WHAT PEOPLE WRITE AS QUERIES IN THE WEB'S SEARCH ENGINES: A New Tool to Investigate the Search Behavior

Jacques Lajoie

Department de Psychologie
Université du Québec a Montréal
Montréal, Québec, Canada H3C 3P8
E-mail: lajoie.jacques@uqam.ca
http://www.psycho.uqam.ca

The central pivot of the Internet revolution may be the search engine found on the World Wide Web. It is a fascinating instrument that allow fast exploration and discovery. The search motor can also be seen as a mirror of the human soul. The availability of powerful search engines on the World Wide Web and the impression of relative privacy of their use may reveal behaviors and attitudes normally difficult to observe in human beings. That is, persons who are writing a query in a search engine may manifest a deeply personal interest not usually shared even with friends or a psychotherapist. To verify this hypothesis, a computer text analysis was done on hundreds of thousands queries coming from search engines. A part of the data (100,000 words) came courteously from Louis Monier who created the Alta Vista search engine. Another part (35,000 words) was extracted from a public on-line window giving access to the WebCrawler search engine queries. Both data bases were obtained during November 1997. A frequency analysis showed surprising results. The most popular words searched on both search engines were few and seemed to be very similar. The most popular words concerned Internet, audio-visual and computer technology. As expected, the most commonly searched words (15% of the top 200 most popular words accounted for only 3.6% of all words) were of sexual nature. Other request queries concerned the availability of free software, both legal and illegal (wares). Queries of violent nature were about inexistant. Finally, most of the words in queries were unique (15%) or double (10%) or of low frequencies: Frequencies from 1 to 9 amounted to more than 50% of the total. These findings revealed a diversity of need rarely found in research done on author work with computer text analysis. This gives a picture of Internet behavior as being totally different from traditional televisual behavior that is more conformist.
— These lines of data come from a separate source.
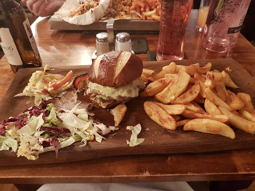 Presentation wise the food looked great. Maybe the pint of Guinness wasn't the best choice of beverage on this occasion, to accompany the food. But this aside, the portion sizes were good and it all tasted nice. The only slight let down was the quality of the steak strips. They weren't really done the way I asked and half of it was far too tough and chewy. The portion of fries was perhaps a bit too big also. But my partner loved her meal and overall we can't complain too much.
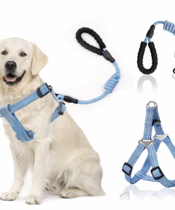 Pet Dog Harness Traction Rope Set Adjustable Dog Vest Outdoor Walking – Blue – L
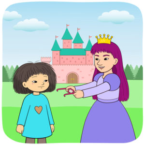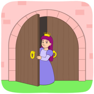 En prinsessa kommer ut ur det lilla slottet.
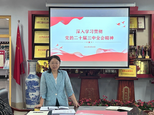 9月10日,公司党委书记王桂英向全体教职工宣讲党的二十届三中全会精神。她从深入学习领会党的二十届三中全会精神、准确理解进一步全面深化改革重大举措、全力以赴抓好全会精神贯彻落实等方面,对全会精神进行了系统宣讲和深入阐释。王桂英书记表示,党的二十届三中全会精神宣讲工作,是公司当前和今后一个时期的重大政治任务,公司上下要深刻把握党的二十届三中全会精神的重大意义、丰富内涵和实践要求,坚决把全会精神学习好、落实好、实践好。
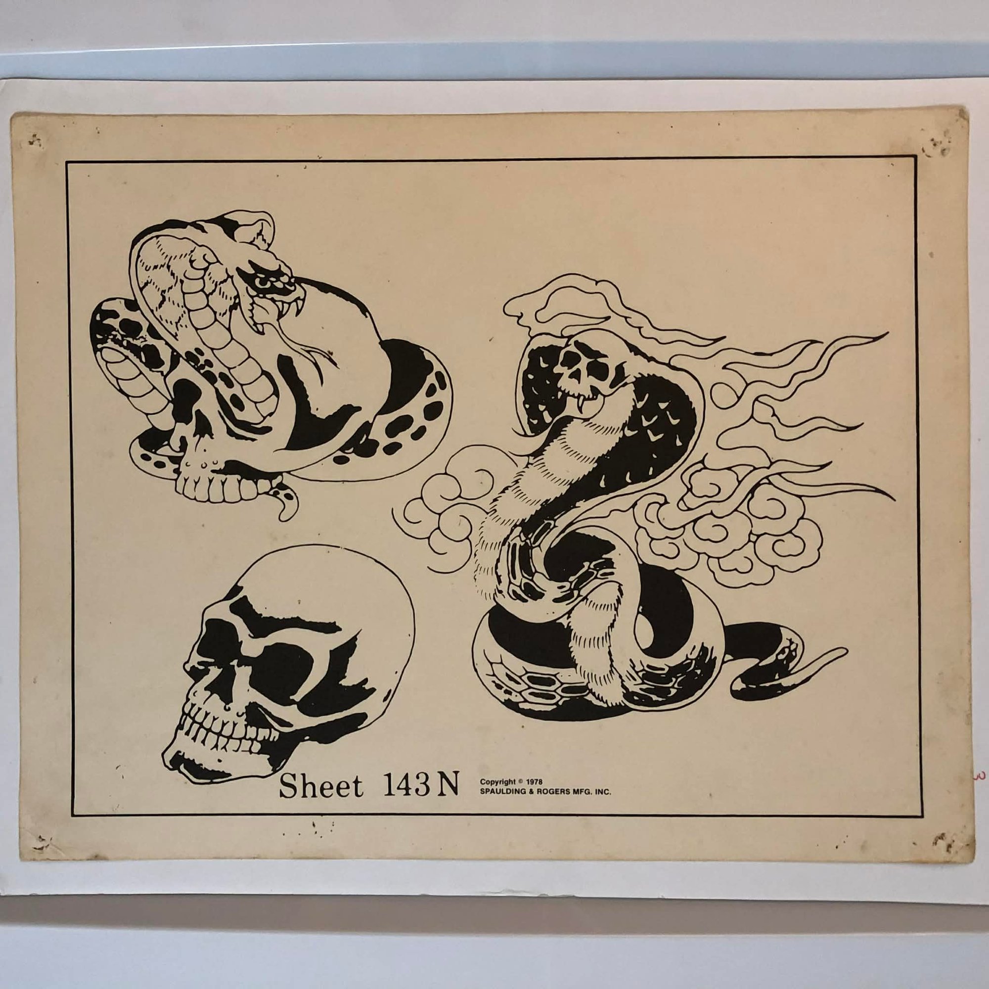1978 Spaulding & Roger’s production flash sheet skull snakes 11x14
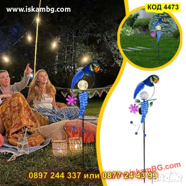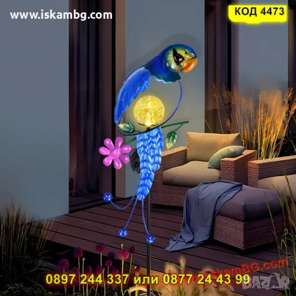 Превърнете градината си в екзотичен оазис с декоративната соларна лампа "Папагал" – перфектна комбинация от елегантен дизайн и функционално осветление. Тази лампа не е просто източник на светлина, а истинско произведение на изкуството, което ще придаде уникален чар на двора, алеята или терасата ви.
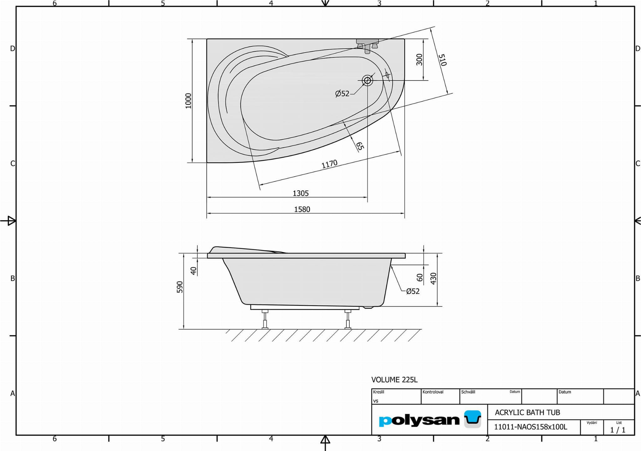 Wanna akrylowa asymetryczna 158 x 100 cm (lewa) NAOS 11011 Polysan
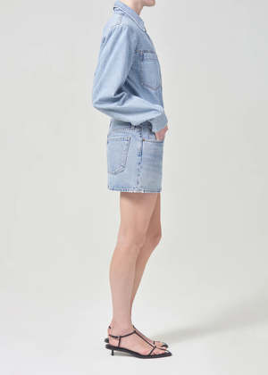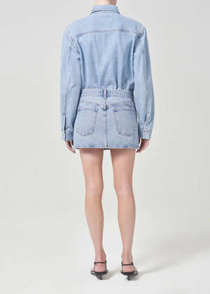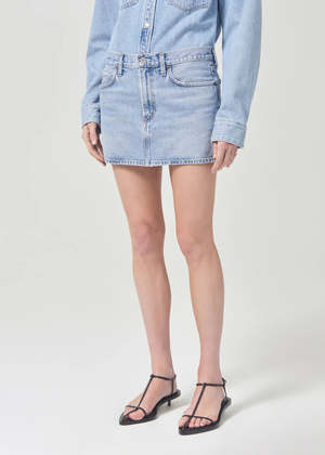 Agolde Alek mini denim skirt in force light blue wash. Crafted in Agolde's signature regenerative cottonAlek is the new coveted mini, featuring the classic 5-pocket detailing and a closed hem. Zero stretch cotton with an authentic vintage hand. 100% regenerative cotton.

It was clear from these findings that the Internet revolution is affecting deeply the attitudes and the behaviors of the persons using it. It may increase significantly the contribution of exploration and personal initiative in learning, socialization and affective development. Analysis of search motors queries revealed not only the richness of the human curiosity and the exploration of knowledge but also the wide range of the affective needs of the individual. It is a new and fascinating type of data of interest as much for psychologists, sociologists and all information scientists and gives strong arguments to those who presents the Internet revolution as being useful and healthy.

1. INTRODUCTION

The Internet revolution constitutes a cultural event without precedent in the history of humanity. The development of gigantic computer systems easily accessible by microcomputers created technological applications in all sectors of the human activity (Khan, 1997; Maddux et al., 1997) -- communications without barrier of distance between persons being anywhere on the earth, commercial transactions of all nature, access to artistic creations, access to apprenticeship in all areas of knowledge, and other. The main contribution of the appearance of these networks is to make available to everyone being able to use a microcomputer to access a huge quantity and a diversity of almost unlimited information sources. Far more than with the traditional media such as the television, it is the user that takes initiative to explore and choose the information according to its needs.

As Robin and Starr (1997) mentioned rightly about distance teaching, the World Wide Web possesses particularities that makes it an outstanding educational tool. These include:

• Hyper-text and hyper-links give the control to the user when acquiring information,

• the multimedia presence allows the enhancement of the text by image, film and interactive demonstrations,

• the interactivity between the user and the web site server creates a direct communication between the author and the reader,

• the hyper-text programming language common to all Web sites renders it accessible to all users independent of platform and/or operation system (for example Windows or Macintosh), and

• the expansion and the improvement of the site can be made easily and rapidly without compelling the user to obtain a new upgrade (Starr, 1997).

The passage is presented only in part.